With Paracelsus (b. 1493 d. 1541) a somewhat new phase of the science of chemistry appeared. By pointing out the value of chemistry as an adjunct to medicine, he caused a number of persons to turn their attention to the subject, and to endeavor to ascertain the properties of various compounds. Thus he helped to withdraw men from the pursuit of alchemy, by asserting that the knowledge of the composition of bodies, which had necessarily been forwarded by alchemy, was of importance to the human race, for the better prevention and curing of their ills. In the way of discovery or research, Paracelsus did little. He mentions zinc and bismuth, and associates them with metallic bodies, and he makes considerable use of several compounds of mercury, and of sal ammoniac. Paracelsus compares the alchemist of his day with the physician, and speaks of the former in the following terms: - For they are not given to idleness, nor go in a proud habit, or plush and velvet garments, often showing their rings upon their ringers, or wearing swords with silver hilts by their sides, or fine and gay gloves upon their hands, but diligently follow their labors, sweating whole days and nights by their furnaces. They do not spend their time abroad for recreation, but take delight in their laboratory. They wear leather garments with a pouch, and an apron herewith they wipe their hands. They put their fingers among coals, into clay, and filth, not into gold rings. They are sooty and black like smiths and colliers, and do not pride themselves upon clean and beautiful faces.”

Among the Paracelsians we find Oswald Crollius, who mentions chloride of silver under the long-retained name of luna cornea, or horn-silver, from its peculiar horny appearance and texture after fusion. He was also acquainted with fulminating gold.

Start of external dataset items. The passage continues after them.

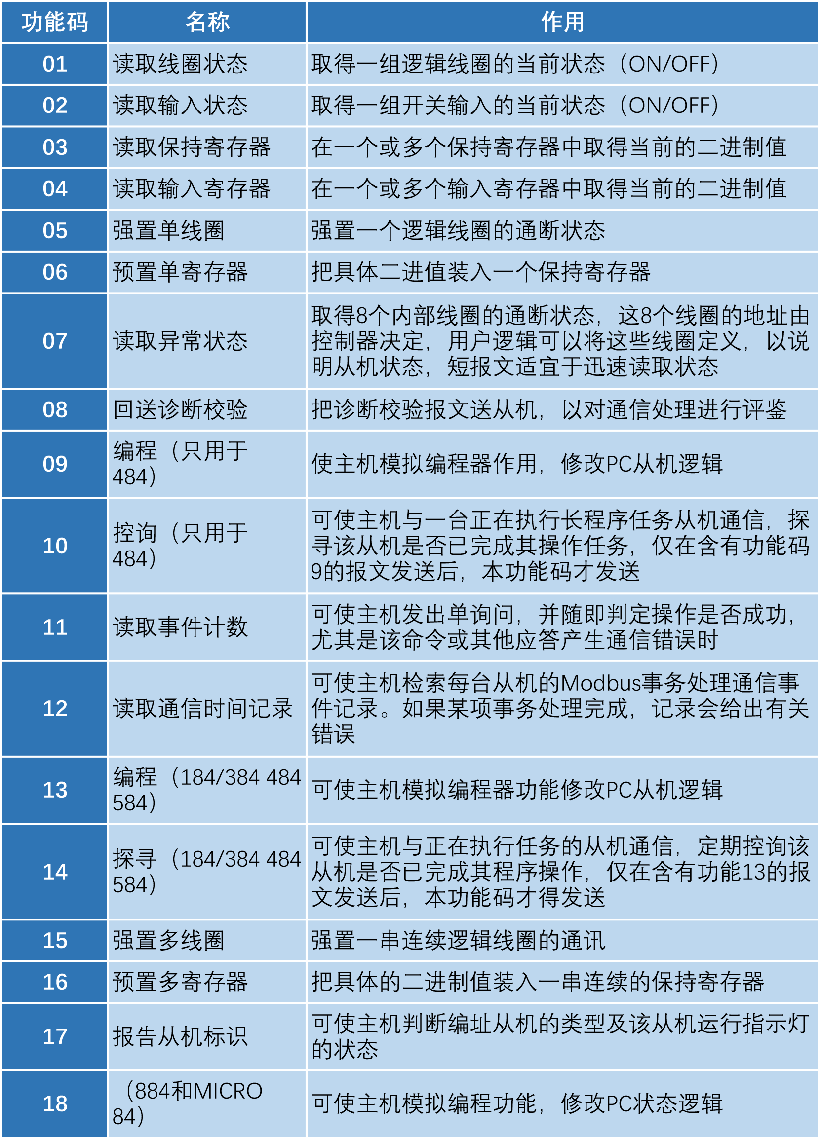 ModBus 功能碼與數(shù)據(jù)類型對應(yīng)表
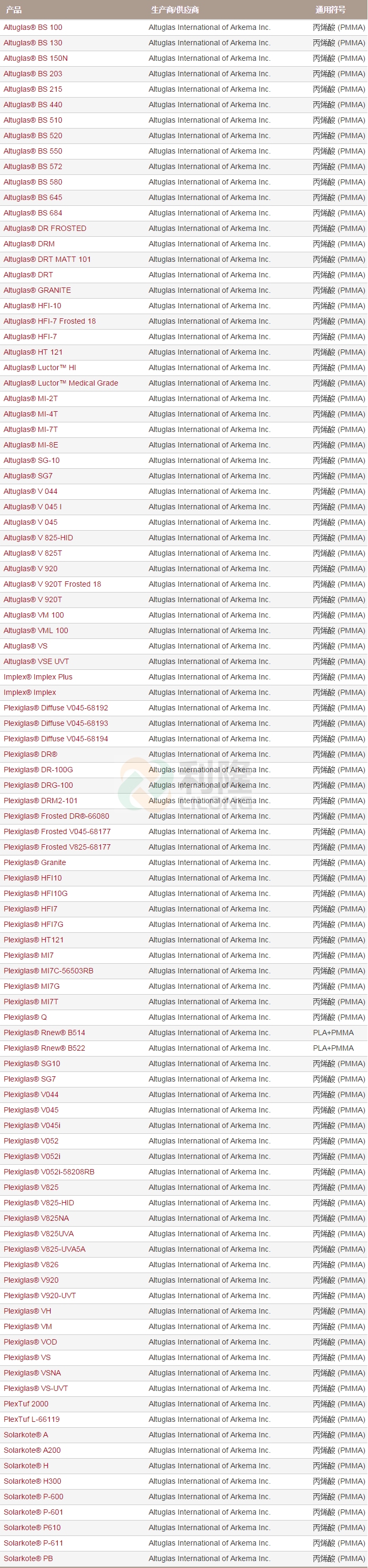 >> 法國阿科瑪Altuglas系列品牌PMMA塑膠原料
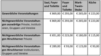 Nach § 6 Ziffer 6 der Gebührenordnung der Stadt Hirschhorn (Neckar) für die Nutzung des Hirschhorner Bürgersaals, sind die Gebührensätze nach § 6 Ziffer 1 und 5 jedes Jahr um 5 % zu erhöhen und auf volle Euro aufzurunden. Sie sind am Ende eines jeden Kalenderjahres im amtlichen Bekanntmachungsorgan der Stadt Hirschhorn zu veröffentlichen:

The name of Andrew Libavius (died 1616) deserves mention, because he sought to free chemistry from the mazes of alchemy and mysticism in which it was involved. In this he to some extent succeeded: and he appears also to have been a patient worker in the field of the science which he did so much to promote. He discovered the per chloride of tin, which is even now called fuming liquor of Libavius; he also proved that the acid (sulfuric acid) procured by distilling alum and sulfate of iron, is the same as that prepared by burning sulphur with saltpeter Libavius was great at the making of artificial gems, and was able to imitate almost any precious stone by coloring glass with various metallic oxides.